## RECORDS

+++

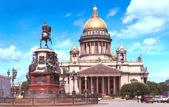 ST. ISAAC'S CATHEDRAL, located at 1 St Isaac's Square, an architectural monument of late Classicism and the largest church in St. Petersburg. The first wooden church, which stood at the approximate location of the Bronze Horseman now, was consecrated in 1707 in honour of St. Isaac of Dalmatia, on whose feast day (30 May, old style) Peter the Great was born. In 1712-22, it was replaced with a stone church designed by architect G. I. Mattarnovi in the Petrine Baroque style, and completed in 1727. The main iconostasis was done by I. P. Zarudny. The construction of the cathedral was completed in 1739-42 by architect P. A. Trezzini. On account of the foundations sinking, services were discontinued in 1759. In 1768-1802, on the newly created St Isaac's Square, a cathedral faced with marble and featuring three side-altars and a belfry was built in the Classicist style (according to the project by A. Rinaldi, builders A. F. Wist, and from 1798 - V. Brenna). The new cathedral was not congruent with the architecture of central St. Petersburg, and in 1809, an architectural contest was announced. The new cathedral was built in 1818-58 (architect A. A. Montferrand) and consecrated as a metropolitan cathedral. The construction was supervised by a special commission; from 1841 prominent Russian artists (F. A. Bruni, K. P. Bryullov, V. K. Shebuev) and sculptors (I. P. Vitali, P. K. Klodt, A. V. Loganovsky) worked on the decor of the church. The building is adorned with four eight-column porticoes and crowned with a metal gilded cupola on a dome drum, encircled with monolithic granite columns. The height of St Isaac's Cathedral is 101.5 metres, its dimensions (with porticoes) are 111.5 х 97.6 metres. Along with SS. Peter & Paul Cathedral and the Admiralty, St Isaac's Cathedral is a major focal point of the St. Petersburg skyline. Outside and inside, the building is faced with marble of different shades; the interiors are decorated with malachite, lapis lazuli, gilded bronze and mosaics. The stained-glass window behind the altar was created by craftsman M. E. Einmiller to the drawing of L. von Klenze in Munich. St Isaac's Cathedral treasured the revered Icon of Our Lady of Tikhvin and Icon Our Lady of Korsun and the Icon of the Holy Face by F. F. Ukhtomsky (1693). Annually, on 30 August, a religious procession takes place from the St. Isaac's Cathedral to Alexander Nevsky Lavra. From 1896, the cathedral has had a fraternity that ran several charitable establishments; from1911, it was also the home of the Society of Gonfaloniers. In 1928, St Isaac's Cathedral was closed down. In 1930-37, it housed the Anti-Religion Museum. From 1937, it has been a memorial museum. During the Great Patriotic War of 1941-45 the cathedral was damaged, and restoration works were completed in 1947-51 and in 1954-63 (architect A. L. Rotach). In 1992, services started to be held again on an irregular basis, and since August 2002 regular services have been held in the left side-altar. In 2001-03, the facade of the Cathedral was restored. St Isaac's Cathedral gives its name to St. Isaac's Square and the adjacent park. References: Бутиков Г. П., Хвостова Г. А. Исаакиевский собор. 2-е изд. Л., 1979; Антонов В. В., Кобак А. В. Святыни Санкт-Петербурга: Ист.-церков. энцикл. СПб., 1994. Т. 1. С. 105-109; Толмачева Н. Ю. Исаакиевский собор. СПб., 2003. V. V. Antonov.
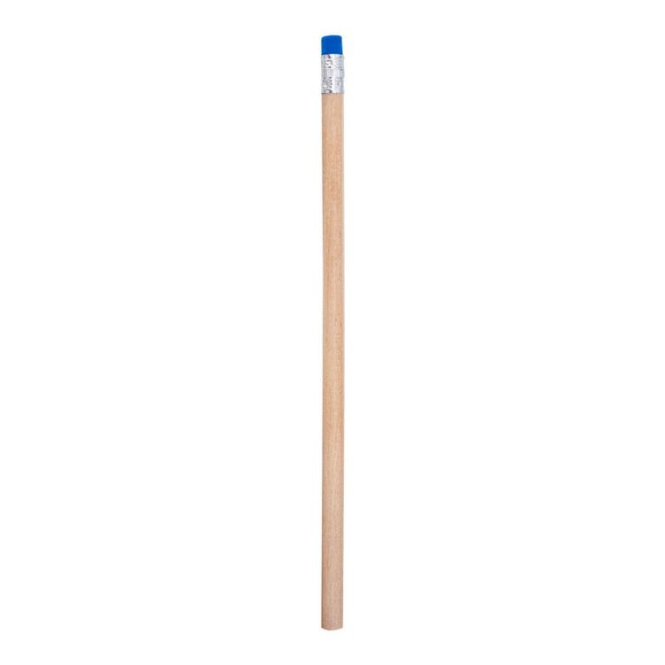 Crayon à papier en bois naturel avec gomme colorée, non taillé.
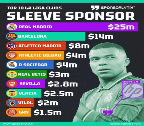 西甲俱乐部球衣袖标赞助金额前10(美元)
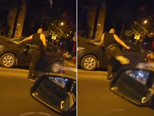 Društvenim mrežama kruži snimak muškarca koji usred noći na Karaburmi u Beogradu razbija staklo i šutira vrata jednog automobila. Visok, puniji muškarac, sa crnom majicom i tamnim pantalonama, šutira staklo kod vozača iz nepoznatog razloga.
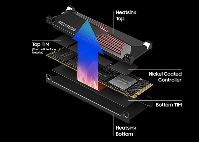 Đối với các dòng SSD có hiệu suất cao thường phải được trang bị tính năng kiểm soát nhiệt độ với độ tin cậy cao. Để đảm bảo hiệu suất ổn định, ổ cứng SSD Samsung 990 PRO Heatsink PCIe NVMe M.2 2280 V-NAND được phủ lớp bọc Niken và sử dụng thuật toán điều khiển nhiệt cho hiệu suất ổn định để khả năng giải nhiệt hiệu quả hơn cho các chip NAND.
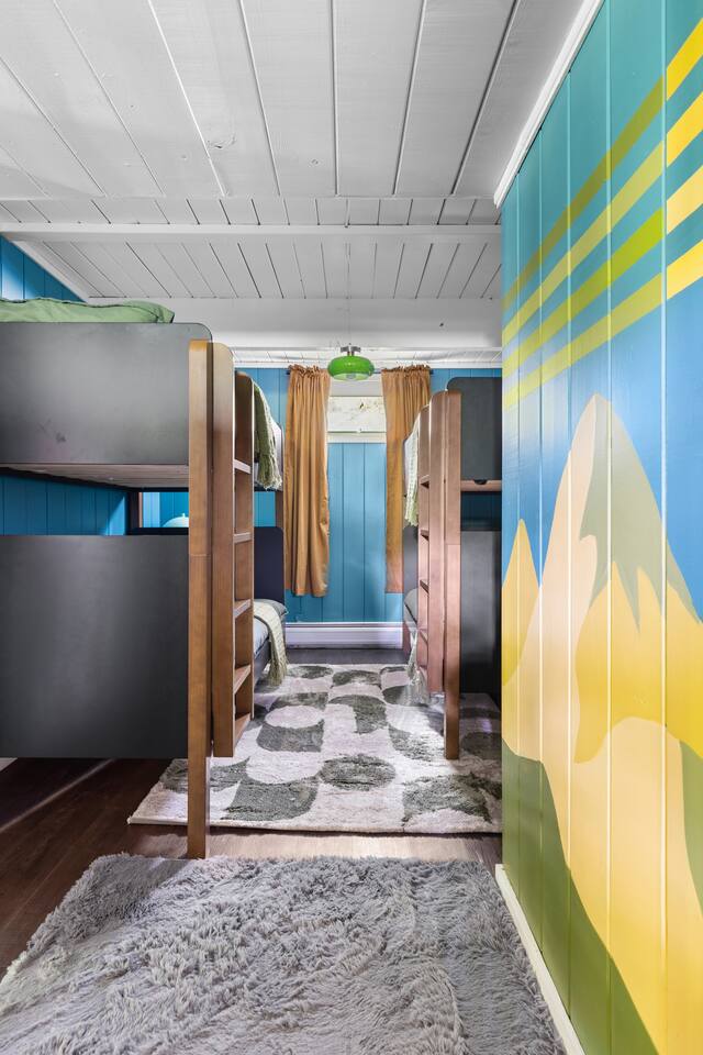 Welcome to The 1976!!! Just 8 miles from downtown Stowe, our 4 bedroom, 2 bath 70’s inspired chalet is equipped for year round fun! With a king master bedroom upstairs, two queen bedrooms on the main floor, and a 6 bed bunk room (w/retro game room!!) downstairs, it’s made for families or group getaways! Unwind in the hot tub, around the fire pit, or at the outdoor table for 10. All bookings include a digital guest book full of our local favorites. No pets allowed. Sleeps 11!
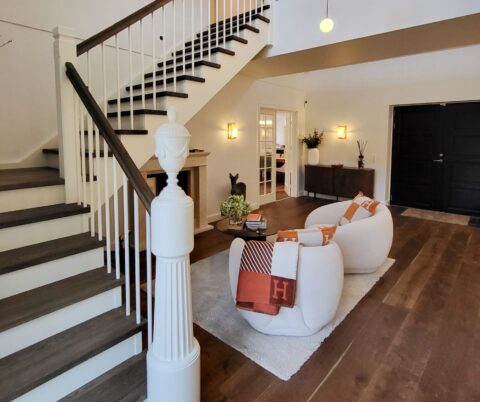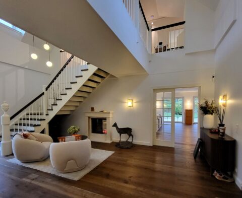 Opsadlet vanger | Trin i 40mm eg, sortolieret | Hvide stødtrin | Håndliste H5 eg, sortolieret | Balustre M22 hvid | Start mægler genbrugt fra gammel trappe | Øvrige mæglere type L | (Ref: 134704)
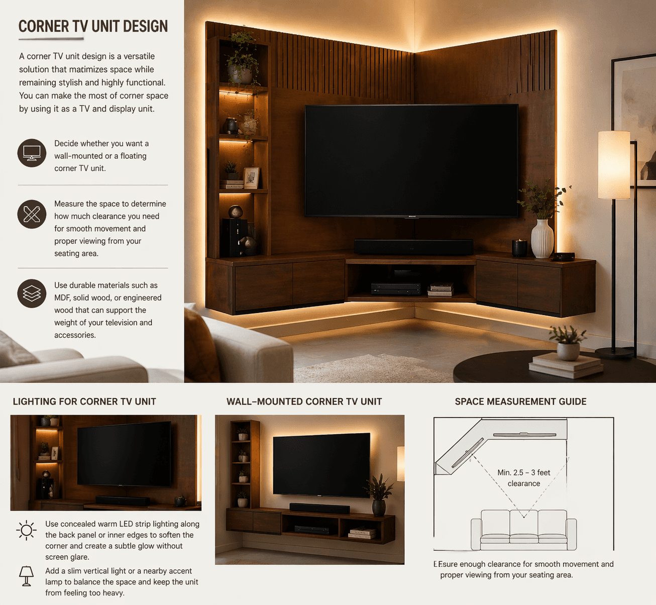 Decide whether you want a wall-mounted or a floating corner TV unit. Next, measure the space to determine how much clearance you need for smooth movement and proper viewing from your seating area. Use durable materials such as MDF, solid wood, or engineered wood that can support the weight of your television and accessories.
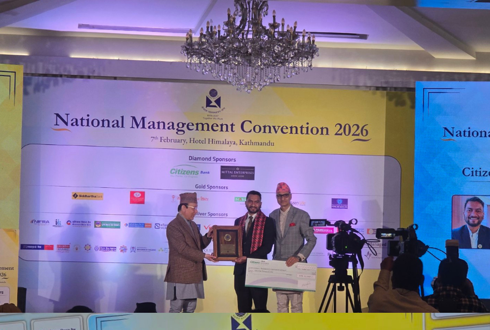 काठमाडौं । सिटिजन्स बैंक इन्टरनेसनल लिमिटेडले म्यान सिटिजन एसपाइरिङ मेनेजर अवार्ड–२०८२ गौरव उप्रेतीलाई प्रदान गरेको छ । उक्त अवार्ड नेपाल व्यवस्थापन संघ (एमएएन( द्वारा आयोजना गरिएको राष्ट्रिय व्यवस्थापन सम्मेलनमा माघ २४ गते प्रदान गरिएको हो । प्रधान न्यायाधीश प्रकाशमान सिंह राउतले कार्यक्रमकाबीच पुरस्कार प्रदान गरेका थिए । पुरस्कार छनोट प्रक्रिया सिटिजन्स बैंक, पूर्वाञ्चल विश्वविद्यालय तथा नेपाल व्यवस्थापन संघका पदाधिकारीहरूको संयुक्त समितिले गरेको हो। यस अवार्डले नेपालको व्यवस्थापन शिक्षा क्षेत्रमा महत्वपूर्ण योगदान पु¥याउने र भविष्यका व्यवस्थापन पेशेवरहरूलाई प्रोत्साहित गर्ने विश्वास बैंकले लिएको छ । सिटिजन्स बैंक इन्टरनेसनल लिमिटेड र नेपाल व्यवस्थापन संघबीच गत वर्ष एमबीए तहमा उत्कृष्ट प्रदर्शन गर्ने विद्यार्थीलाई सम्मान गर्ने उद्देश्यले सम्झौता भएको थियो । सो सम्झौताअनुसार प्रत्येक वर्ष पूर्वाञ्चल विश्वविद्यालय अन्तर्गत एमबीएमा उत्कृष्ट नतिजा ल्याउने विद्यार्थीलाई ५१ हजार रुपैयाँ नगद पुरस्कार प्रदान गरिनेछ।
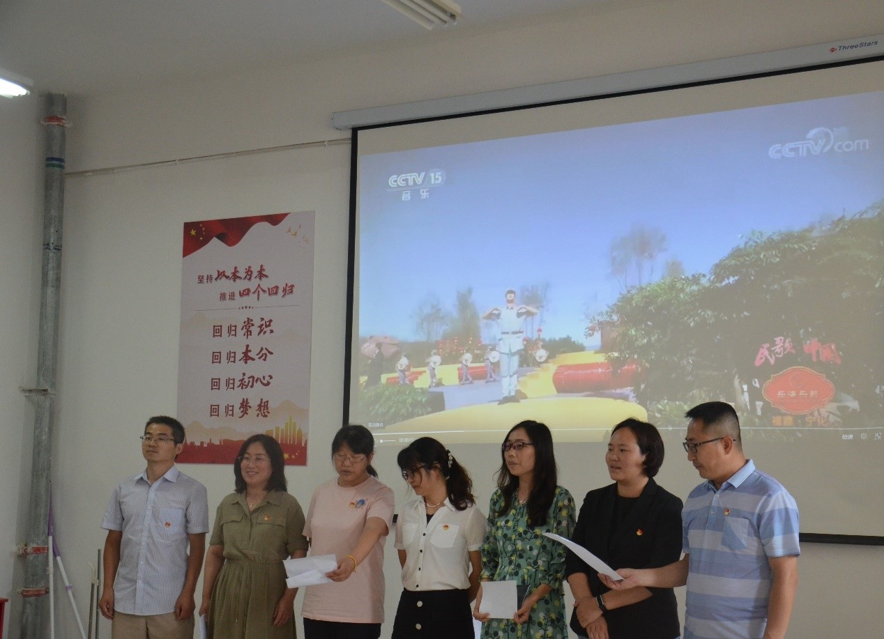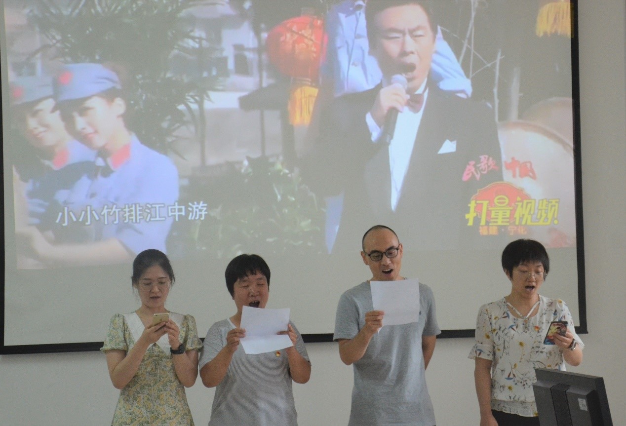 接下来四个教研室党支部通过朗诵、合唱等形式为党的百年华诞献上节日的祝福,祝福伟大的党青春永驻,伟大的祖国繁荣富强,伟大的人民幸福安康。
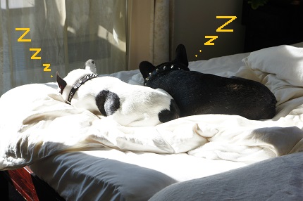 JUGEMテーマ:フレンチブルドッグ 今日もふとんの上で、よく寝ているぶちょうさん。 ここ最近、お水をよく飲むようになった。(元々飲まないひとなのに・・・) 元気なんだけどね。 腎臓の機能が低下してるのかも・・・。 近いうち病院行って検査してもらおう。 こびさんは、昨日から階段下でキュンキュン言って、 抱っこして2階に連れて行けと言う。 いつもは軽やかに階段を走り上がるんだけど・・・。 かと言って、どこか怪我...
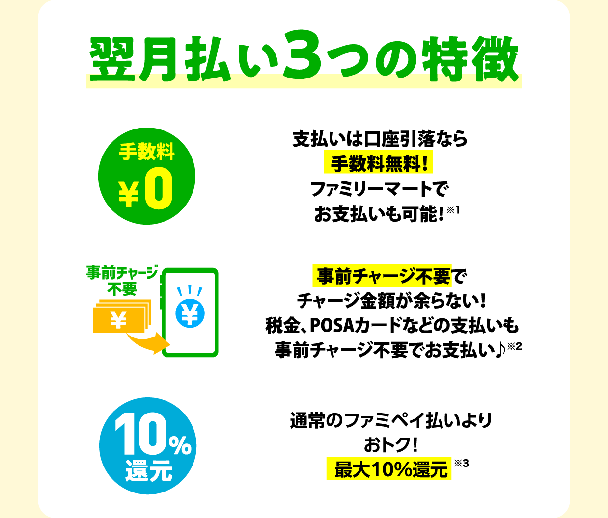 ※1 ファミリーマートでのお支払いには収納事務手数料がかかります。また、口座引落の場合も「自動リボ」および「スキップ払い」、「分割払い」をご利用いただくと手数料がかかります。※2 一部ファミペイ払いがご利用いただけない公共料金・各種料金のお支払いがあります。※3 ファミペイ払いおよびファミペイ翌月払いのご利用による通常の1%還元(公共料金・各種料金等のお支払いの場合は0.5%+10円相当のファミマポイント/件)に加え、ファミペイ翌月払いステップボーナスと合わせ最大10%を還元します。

+++

Line by line, write out the data above exactly, without the pictures.

 ST. ISAAC'S CATHEDRAL, located at 1 St Isaac's Square, an architectural monument of late Classicism and the largest church in St. Petersburg. The first wooden church, which stood at the approximate location of the Bronze Horseman now, was consecrated in 1707 in honour of St. Isaac of Dalmatia, on whose feast day (30 May, old style) Peter the Great was born. In 1712-22, it was replaced with a stone church designed by architect G. I. Mattarnovi in the Petrine Baroque style, and completed in 1727. The main iconostasis was done by I. P. Zarudny. The construction of the cathedral was completed in 1739-42 by architect P. A. Trezzini. On account of the foundations sinking, services were discontinued in 1759. In 1768-1802, on the newly created St Isaac's Square, a cathedral faced with marble and featuring three side-altars and a belfry was built in the Classicist style (according to the project by A. Rinaldi, builders A. F. Wist, and from 1798 - V. Brenna). The new cathedral was not congruent with the architecture of central St. Petersburg, and in 1809, an architectural contest was announced. The new cathedral was built in 1818-58 (architect A. A. Montferrand) and consecrated as a metropolitan cathedral. The construction was supervised by a special commission; from 1841 prominent Russian artists (F. A. Bruni, K. P. Bryullov, V. K. Shebuev) and sculptors (I. P. Vitali, P. K. Klodt, A. V. Loganovsky) worked on the decor of the church. The building is adorned with four eight-column porticoes and crowned with a metal gilded cupola on a dome drum, encircled with monolithic granite columns. The height of St Isaac's Cathedral is 101.5 metres, its dimensions (with porticoes) are 111.5 х 97.6 metres. Along with SS. Peter & Paul Cathedral and the Admiralty, St Isaac's Cathedral is a major focal point of the St. Petersburg skyline. Outside and inside, the building is faced with marble of different shades; the interiors are decorated with malachite, lapis lazuli, gilded bronze and mosaics. The stained-glass window behind the altar was created by craftsman M. E. Einmiller to the drawing of L. von Klenze in Munich. St Isaac's Cathedral treasured the revered Icon of Our Lady of Tikhvin and Icon Our Lady of Korsun and the Icon of the Holy Face by F. F. Ukhtomsky (1693). Annually, on 30 August, a religious procession takes place from the St. Isaac's Cathedral to Alexander Nevsky Lavra. From 1896, the cathedral has had a fraternity that ran several charitable establishments; from1911, it was also the home of the Society of Gonfaloniers. In 1928, St Isaac's Cathedral was closed down. In 1930-37, it housed the Anti-Religion Museum. From 1937, it has been a memorial museum. During the Great Patriotic War of 1941-45 the cathedral was damaged, and restoration works were completed in 1947-51 and in 1954-63 (architect A. L. Rotach). In 1992, services started to be held again on an irregular basis, and since August 2002 regular services have been held in the left side-altar. In 2001-03, the facade of the Cathedral was restored. St Isaac's Cathedral gives its name to St. Isaac's Square and the adjacent park. References: Бутиков Г. П., Хвостова Г. А. Исаакиевский собор. 2-е изд. Л., 1979; Антонов В. В., Кобак А. В. Святыни Санкт-Петербурга: Ист.-церков. энцикл. СПб., 1994. Т. 1. С. 105-109; Толмачева Н. Ю. Исаакиевский собор. СПб., 2003. V. V. Antonov.
 Crayon à papier en bois naturel avec gomme colorée, non taillé.
 西甲俱乐部球衣袖标赞助金额前10(美元)
 Društvenim mrežama kruži snimak muškarca koji usred noći na Karaburmi u Beogradu razbija staklo i šutira vrata jednog automobila. Visok, puniji muškarac, sa crnom majicom i tamnim pantalonama, šutira staklo kod vozača iz nepoznatog razloga.
 Đối với các dòng SSD có hiệu suất cao thường phải được trang bị tính năng kiểm soát nhiệt độ với độ tin cậy cao. Để đảm bảo hiệu suất ổn định, ổ cứng SSD Samsung 990 PRO Heatsink PCIe NVMe M.2 2280 V-NAND được phủ lớp bọc Niken và sử dụng thuật toán điều khiển nhiệt cho hiệu suất ổn định để khả năng giải nhiệt hiệu quả hơn cho các chip NAND.
 Welcome to The 1976!!! Just 8 miles from downtown Stowe, our 4 bedroom, 2 bath 70’s inspired chalet is equipped for year round fun! With a king master bedroom upstairs, two queen bedrooms on the main floor, and a 6 bed bunk room (w/retro game room!!) downstairs, it’s made for families or group getaways! Unwind in the hot tub, around the fire pit, or at the outdoor table for 10. All bookings include a digital guest book full of our local favorites. No pets allowed. Sleeps 11!
 Opsadlet vanger | Trin i 40mm eg, sortolieret | Hvide stødtrin | Håndliste H5 eg, sortolieret | Balustre M22 hvid | Start mægler genbrugt fra gammel trappe | Øvrige mæglere type L | (Ref: 134704)
 Decide whether you want a wall-mounted or a floating corner TV unit. Next, measure the space to determine how much clearance you need for smooth movement and proper viewing from your seating area. Use durable materials such as MDF, solid wood, or engineered wood that can support the weight of your television and accessories.
 काठमाडौं । सिटिजन्स बैंक इन्टरनेसनल लिमिटेडले म्यान सिटिजन एसपाइरिङ मेनेजर अवार्ड–२०८२ गौरव उप्रेतीलाई प्रदान गरेको छ । उक्त अवार्ड नेपाल व्यवस्थापन संघ (एमएएन( द्वारा आयोजना गरिएको राष्ट्रिय व्यवस्थापन सम्मेलनमा माघ २४ गते प्रदान गरिएको हो । प्रधान न्यायाधीश प्रकाशमान सिंह राउतले कार्यक्रमकाबीच पुरस्कार प्रदान गरेका थिए । पुरस्कार छनोट प्रक्रिया सिटिजन्स बैंक, पूर्वाञ्चल विश्वविद्यालय तथा नेपाल व्यवस्थापन संघका पदाधिकारीहरूको संयुक्त समितिले गरेको हो। यस अवार्डले नेपालको व्यवस्थापन शिक्षा क्षेत्रमा महत्वपूर्ण योगदान पु¥याउने र भविष्यका व्यवस्थापन पेशेवरहरूलाई प्रोत्साहित गर्ने विश्वास बैंकले लिएको छ । सिटिजन्स बैंक इन्टरनेसनल लिमिटेड र नेपाल व्यवस्थापन संघबीच गत वर्ष एमबीए तहमा उत्कृष्ट प्रदर्शन गर्ने विद्यार्थीलाई सम्मान गर्ने उद्देश्यले सम्झौता भएको थियो । सो सम्झौताअनुसार प्रत्येक वर्ष पूर्वाञ्चल विश्वविद्यालय अन्तर्गत एमबीएमा उत्कृष्ट नतिजा ल्याउने विद्यार्थीलाई ५१ हजार रुपैयाँ नगद पुरस्कार प्रदान गरिनेछ।
 接下来四个教研室党支部通过朗诵、合唱等形式为党的百年华诞献上节日的祝福,祝福伟大的党青春永驻,伟大的祖国繁荣富强,伟大的人民幸福安康。
 JUGEMテーマ:フレンチブルドッグ 今日もふとんの上で、よく寝ているぶちょうさん。 ここ最近、お水をよく飲むようになった。(元々飲まないひとなのに・・・) 元気なんだけどね。 腎臓の機能が低下してるのかも・・・。 近いうち病院行って検査してもらおう。 こびさんは、昨日から階段下でキュンキュン言って、 抱っこして2階に連れて行けと言う。 いつもは軽やかに階段を走り上がるんだけど・・・。 かと言って、どこか怪我...
 ※1 ファミリーマートでのお支払いには収納事務手数料がかかります。また、口座引落の場合も「自動リボ」および「スキップ払い」、「分割払い」をご利用いただくと手数料がかかります。※2 一部ファミペイ払いがご利用いただけない公共料金・各種料金のお支払いがあります。※3 ファミペイ払いおよびファミペイ翌月払いのご利用による通常の1%還元(公共料金・各種料金等のお支払いの場合は0.5%+10円相当のファミマポイント/件)に加え、ファミペイ翌月払いステップボーナスと合わせ最大10%を還元します。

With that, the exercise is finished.